WHAT YOU HAVE TO DO:
Write the lines out again, from the top of the material to the line containing "根據(jù)桂林生態(tài", pictures excluded.

*** Opening DATA EXTRACT ***

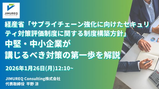 JIMUREQ Consulting株式会社(本社:東京都中央区、代表取締役:平野 涼)は、『CISA保有コンサルタントが解説する 経産省「サプライチェーン強化に向けたセキュリティ対策評価制度に関する制度構築方針」対応の考え方と第一歩』セミナーを開催いたします。
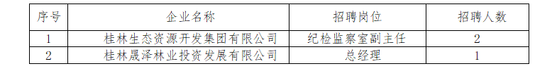 根據(jù)桂林生態(tài)資源開發(fā)集團(tuán)有限公司經(jīng)營管理和發(fā)展需要,現(xiàn)面向社會公開招聘集團(tuán)本部及下轄子公司2個崗位人員,有關(guān)事項公告如下:
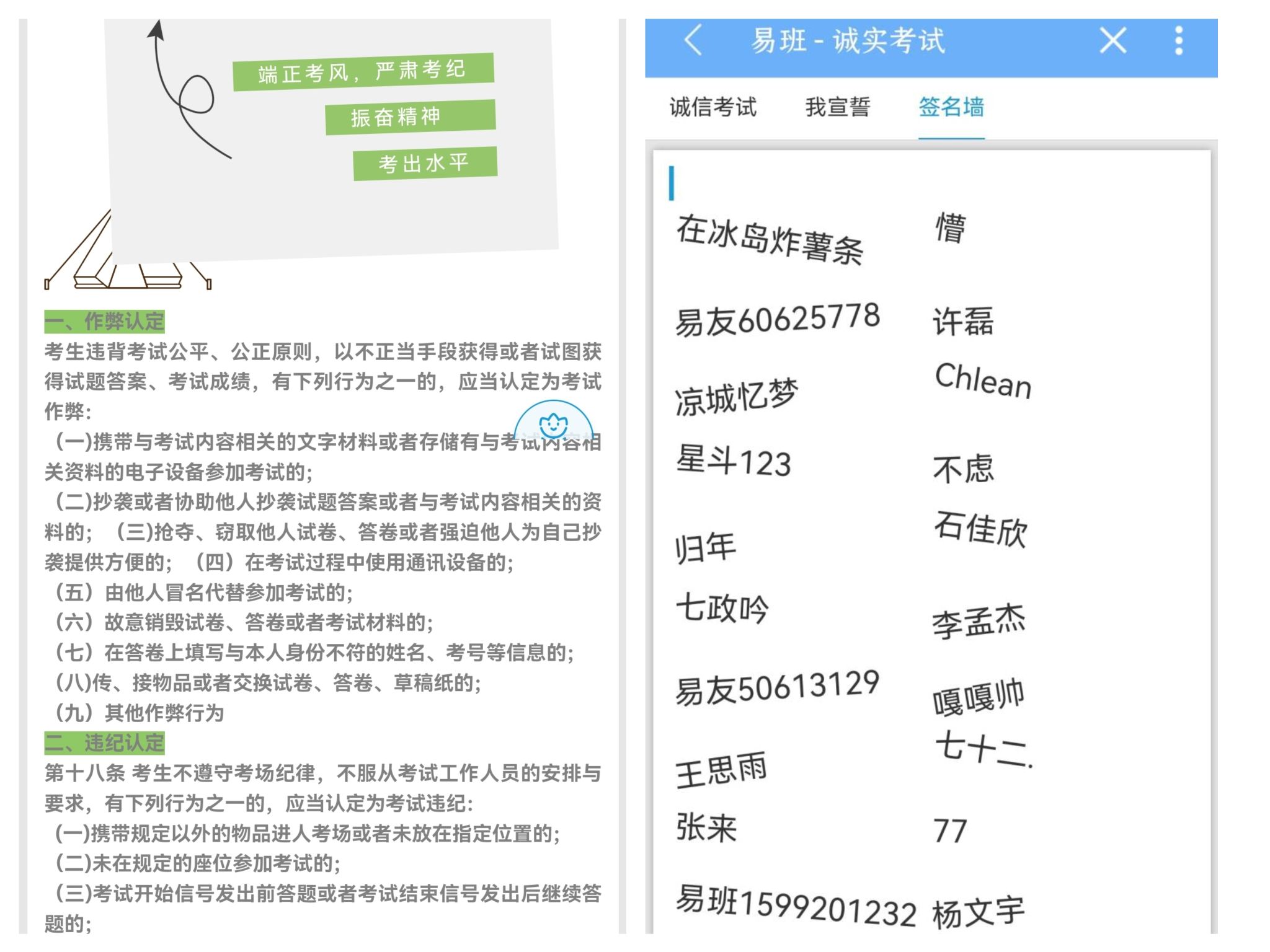 会上,各辅导员带领班级学生认真学习了《财神在线登录官网学生手册》中有关考风考纪的内容,对考试时应当遵守的注意事项及违纪行为的严重后果做了特别强调,向学生们传达了诚信考试的重要性和必要性,建议同学们对期末考试制定合理的复习计划,认真备考。各班辅导员还列举了校内外各种考试违纪行为被处分的真实案例,加强警示教育,要求同学们清晰认识到考试作弊的危害,希望他们严守考风考纪,认真备考,诚信考试,并组织班级同学签署诚信考试承诺书。

*** Closing DATA EXTRACT ***

SOLUTION TO THIS PROBLEM:
 JIMUREQ Consulting株式会社(本社:東京都中央区、代表取締役:平野 涼)は、『CISA保有コンサルタントが解説する 経産省「サプライチェーン強化に向けたセキュリティ対策評価制度に関する制度構築方針」対応の考え方と第一歩』セミナーを開催いたします。
 根據(jù)桂林生態(tài)資源開發(fā)集團(tuán)有限公司經(jīng)營管理和發(fā)展需要,現(xiàn)面向社會公開招聘集團(tuán)本部及下轄子公司2個崗位人員,有關(guān)事項公告如下:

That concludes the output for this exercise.